Thanks to a new deal with DirecTV, which moved the channel to a more widely distributed tier, NBCSN jumped to a distribution figure of around 85 million homes, a figure that puts it on par with Fox Sports 1 and just a couple of million behind ESPN and ESPN2.

The most recent Nielsen report has NBCSN in 82 million homes, which suggests that the DirecTV move added around 3 million more.

For NBC Broadcasting and Sports Chairman Mark Lazarus, NBCSN’s growth amid the cable industry’s decline affirms a strategy NBC set in motion five years ago.

At that point, NBCSN executives decided that the best way to grow was not to compete directly with ESPN as a general sports channel. Rather, NBC decided to focus its program schedule around the sports that it carried to attract their loyal, passionate fan bases. That meant heavy focus on the NHL and English Premier League and little, if any, talk on the NBA or MLB.

“We knew what rights we had, and we based a strategy around them,” Lazarus said. “We are not trying to be someone else. We never wake up any day wishing we were somebody else.”

NBC Sports Network viewership trends

Year Primetime avg. viewers Total day avg. viewers
2016 392,000 173,000
2015 367,000 153,000
2014 300,000 148,000
2013 280,000 96,000

Source: SportsBusiness Daily research


Viewers have followed suit, as 2016 was the network’s most-watched year in prime time (392,000 average viewers) and total day (173,000 average viewers) — breaking a record that was set just the year before (see chart).

The few times that NBCSN deviated from its focused strategy — remember Michelle Beadle’s “The Crossover” daily studio show that was canceled in 2013? — served as a wake-up call to NBC executives to have a hyper focus only on the sports they cover.

NBCSN’s strategy is different from Fox Sports 1, which launched in August 2013 and set itself up as a direct competitor to ESPN. FS1 has mimicked ESPN’s programming schedule with high-priced live events in prime time and general sports studio programming during the day.

FS1 also is in 85 million homes, down from a high of 90 million in October 2013, according to Nielsen.

Once Nielsen estimates start counting over-the-top subscribers such as Sling and Hulu, those number could start to increase, Lazarus said.
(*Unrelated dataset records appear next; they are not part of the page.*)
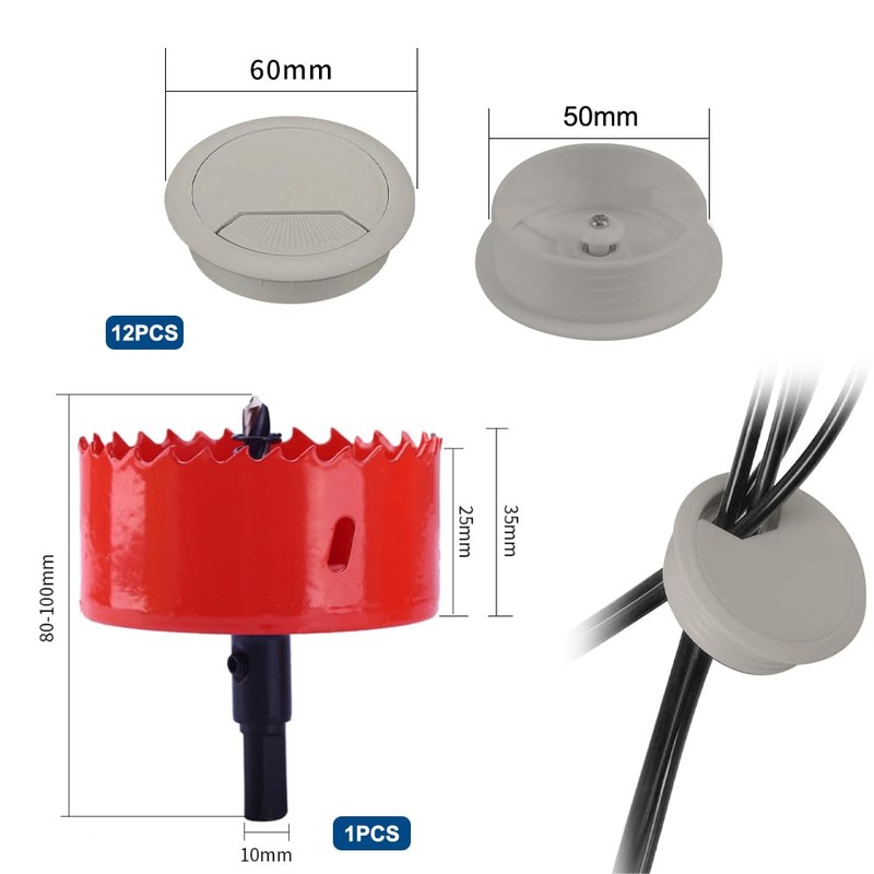 - 🛍️Paket Includes: You will receive 12 Desk table cable grommet and 1 hole saw. The cable grommet has a diameter and the hole saw hole is 60 mm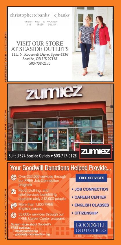 VISIT OUR STORE AT SEASIDE OUTLETS 1111 N. Roosevelt Drive, Space #336 Seaside, OR US 97138 503-738-2170 ADVERTISEMENT ONLY - NOT COUPON Suite #324 Seaside Outlets • 503-717-0128 ADVERTISEMENT ONLY - NOT COUPON ADVERTISEMENT ONLY - NOT COUPON
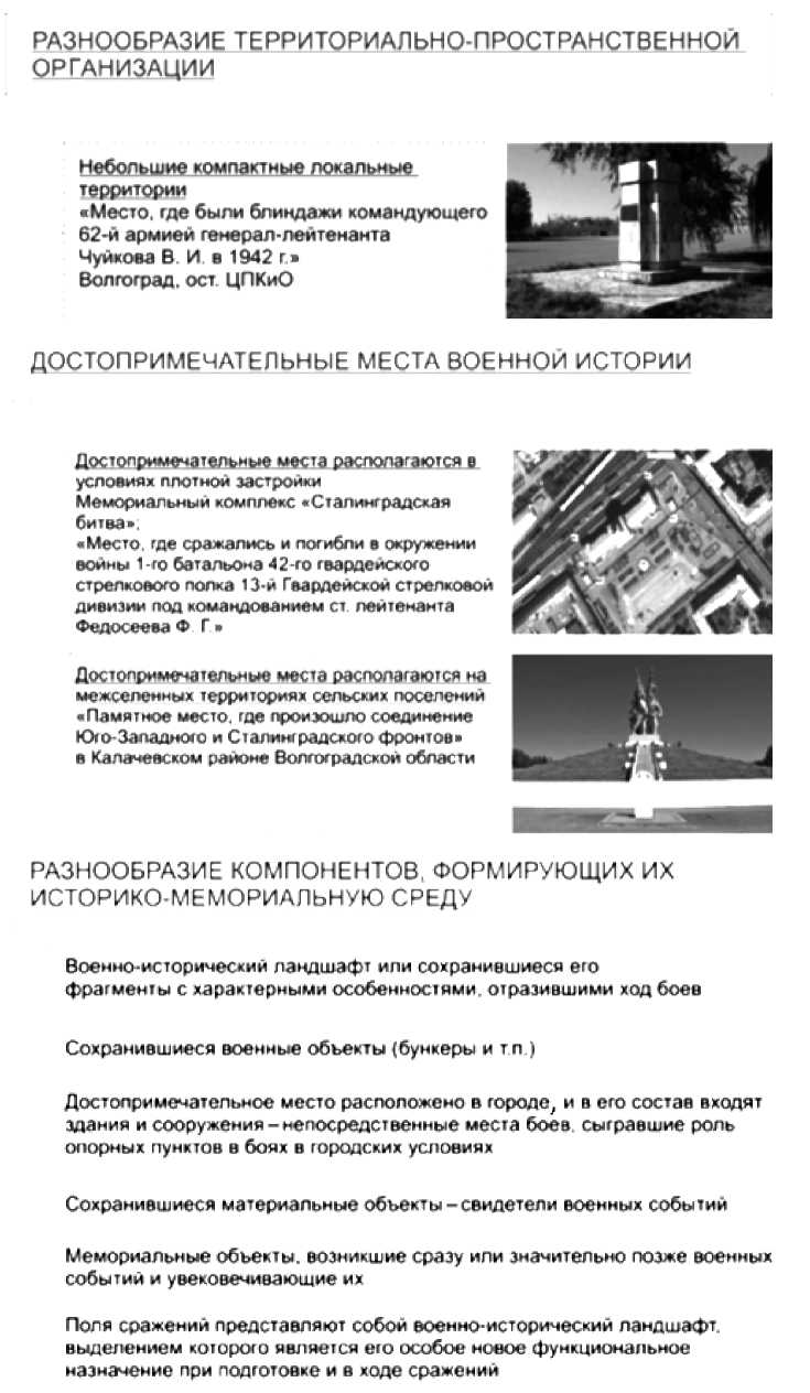 Проанализировав мировой опыт экспонирования объектов военной истории, были определены принципы архитектурно-градостроительной организации объектов военной истории в структуре Волгограда: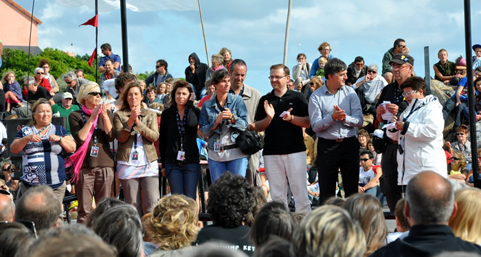 17h17 : le Président de la Communauté de communes du Pays de Quimperlé, aux cotés des Co-directeurs du Centre national le Fourneau et en présence des Maires et des Adjointes à la culture des 3 communes fondatrices annonce que "les RIAS 2012 se dérouleront sur 5 jours, du mercredi 29 août au dimanche 2 septembre et irrigueront de nouvelles communes du Pays de Quimperlé".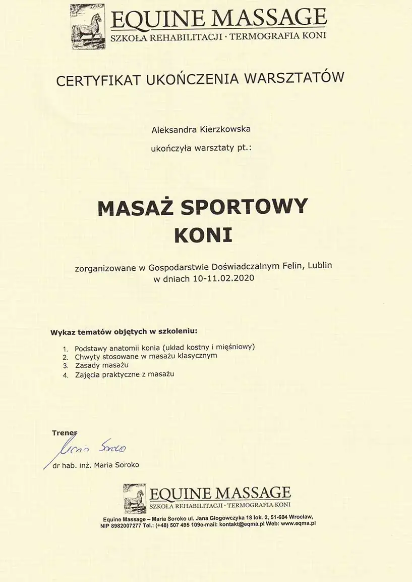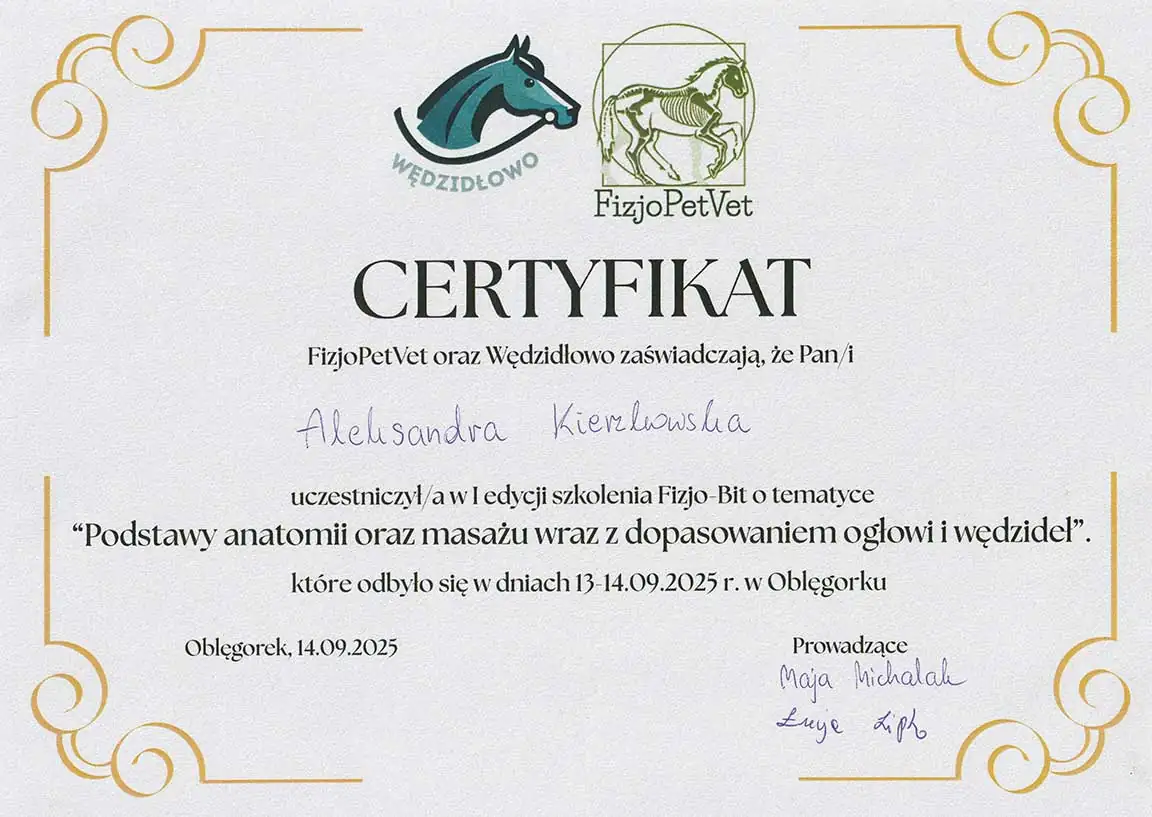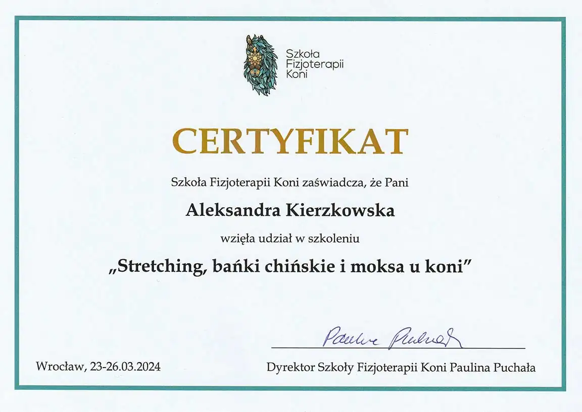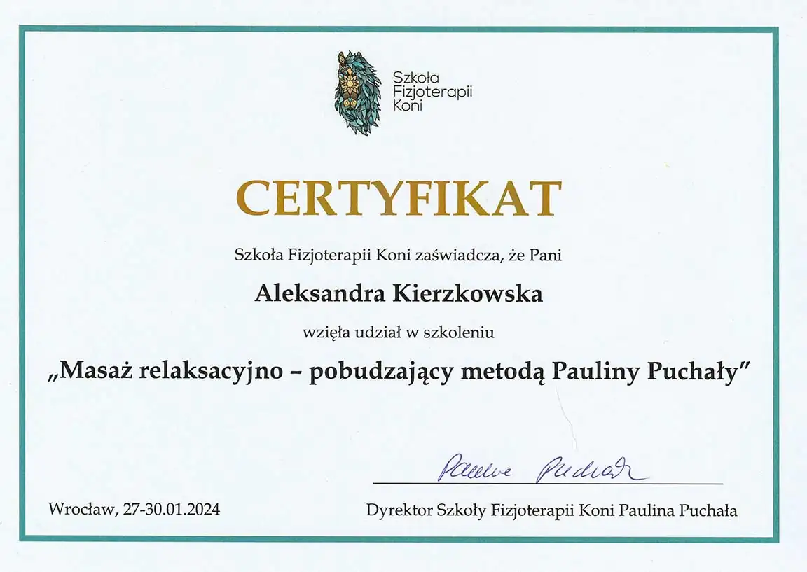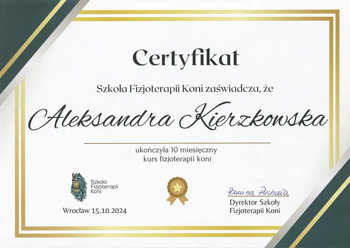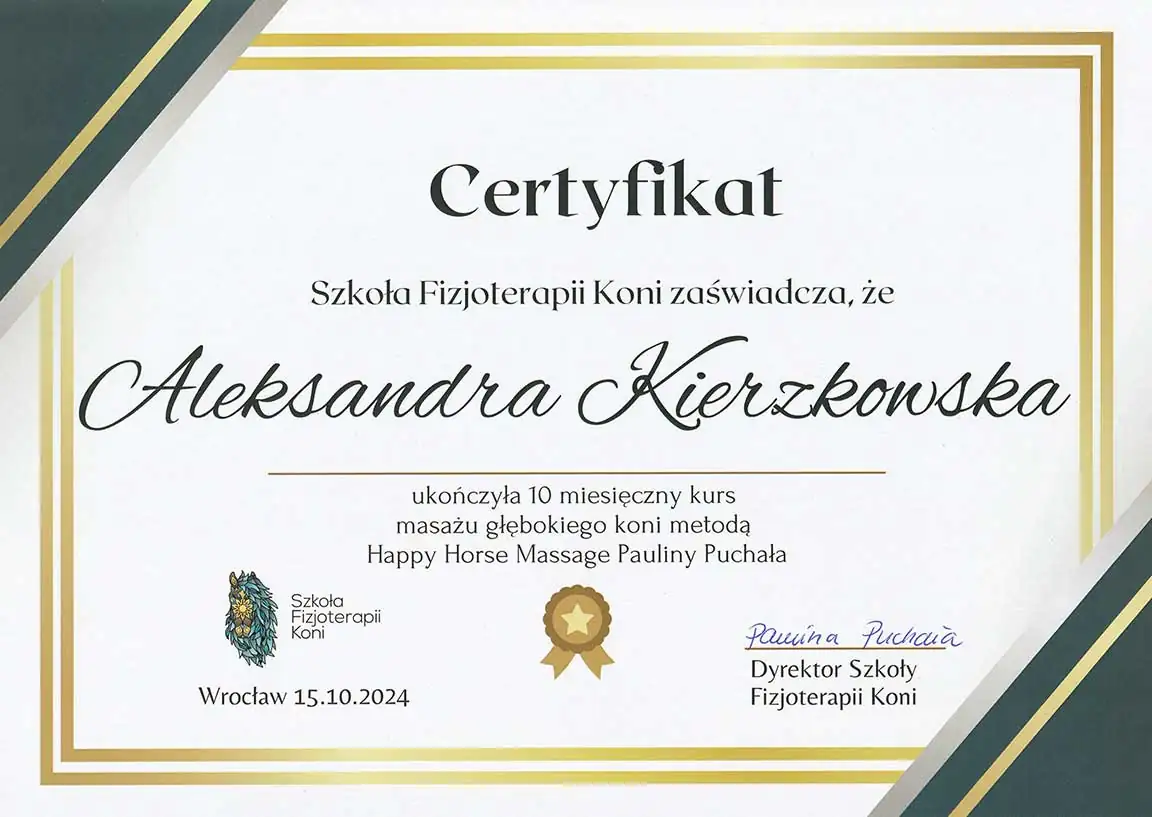 Wszechstronna wiedza, którą zdobyłam - i wciąż zdobywam - pozwala mi patrzeć na konie holistycznie. Wierzę, że wszystko ma znaczenie i każdą informację warto brać pod uwagę. Napędza mnie świadomość, że moja praca realnie pomaga koniom - poprawia ich samopoczucie, a one same pokazują, że są za to wdzięczne. Dzięki temu wiem, że to, co robię, ma sens.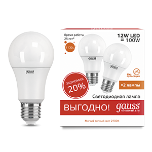 Gauss Лампа Elementary A60 12W 3000K E27 (2 лампы в упаковке) LED 1/50 23212P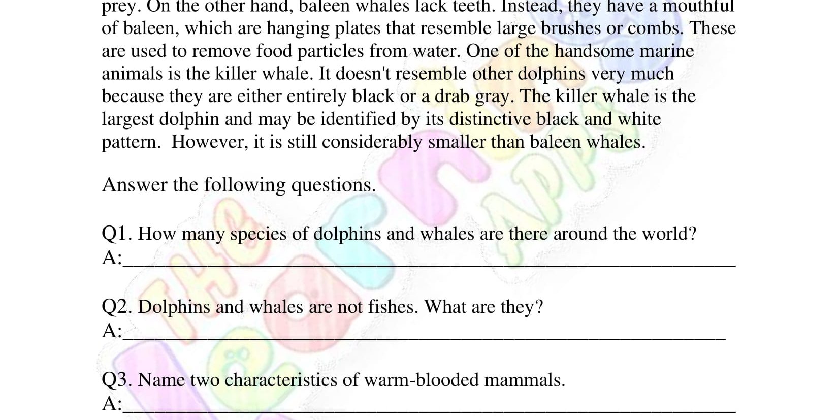 Non Fiction Reading Passages – Grade 3 – Dolphins and Whales View All Worksheets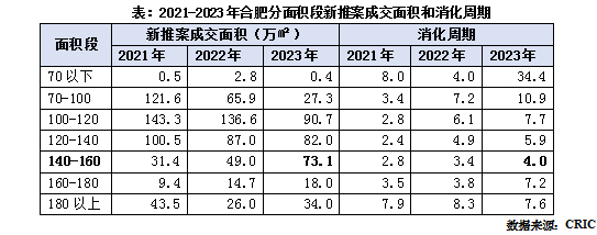 进一步联系市场规模指标来看,同样是120-180平方米产品表现更佳,其中140-160平方米产品不仅交易规模逆势翻番有余,去化指标也是各面积段最佳。2023年,合肥120-180平方米面积段产品的新推案成交面积达到173万平方米,较2021年增加了22%,其中140-160平方米面积段的新推案成交面积更是较2021年增长133%至73万平方米,接近100-120、120-140等传统主力面积段。并且2023年末4个月的消化周期,也是各面积段最低的。主打该面积段的招商置地中海璟园、万科朗拾、高速信达等项目均在2023年取得了上佳的销售表现,其中璟园项目更是以52亿高居2023年合肥项目成交金额榜单首位。此外160-180平方米面积段的市场份额增加也值得关注,2023年末新推案房源成交面积达到18万平方米,较2021年增长九成。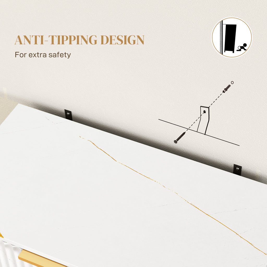 Add a soft touch of elegant texture into the bedroom and beyond, thanks to this HOMCOM sideboard. With two shelves, there's two compartments for keeping tableware, dining accessories and more - with a handy three-level adjustable shelf to fit in smaller and larger items. Made from a particle board and MDF blend for durability, finished with metal legs for support.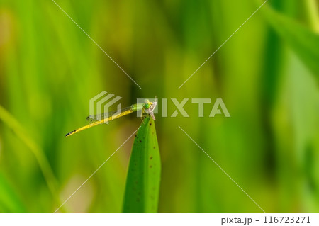 大きな獲物をゲットしたきれいなレモン色のキイトトンボ

Pay TV operators pay $1.30 per subscriber per month for FS1, according to Kagan. NBCSN gets 30 cents. ESPN still commands the biggest fee: $7.89 per subscriber per month.

ESPN and Fox both pay significantly higher prices for their live rights — which include MLB and major college football and basketball — than NBC.

“We’ve remained profitable the whole way,” Lazarus said. “We aren’t going to be a generalist sport channel. We want to go deep into the sports that we have.”

In addition to the NHL and EPL, NBC has used exclusive Olympic programming, IndyCar races and Formula One events to persuade cable operators to put it on more attractive tiers. Even NBCSN’s NASCAR coverage is exclusive in the second half of the season.

NBCSN simulcasts Dan Patrick’s radio show every morning as a way to get “daily relevance,” Lazarus said.

“Our strategy has paid off,” Lazarus said. “Distributors see a value in having this channel on their systems.”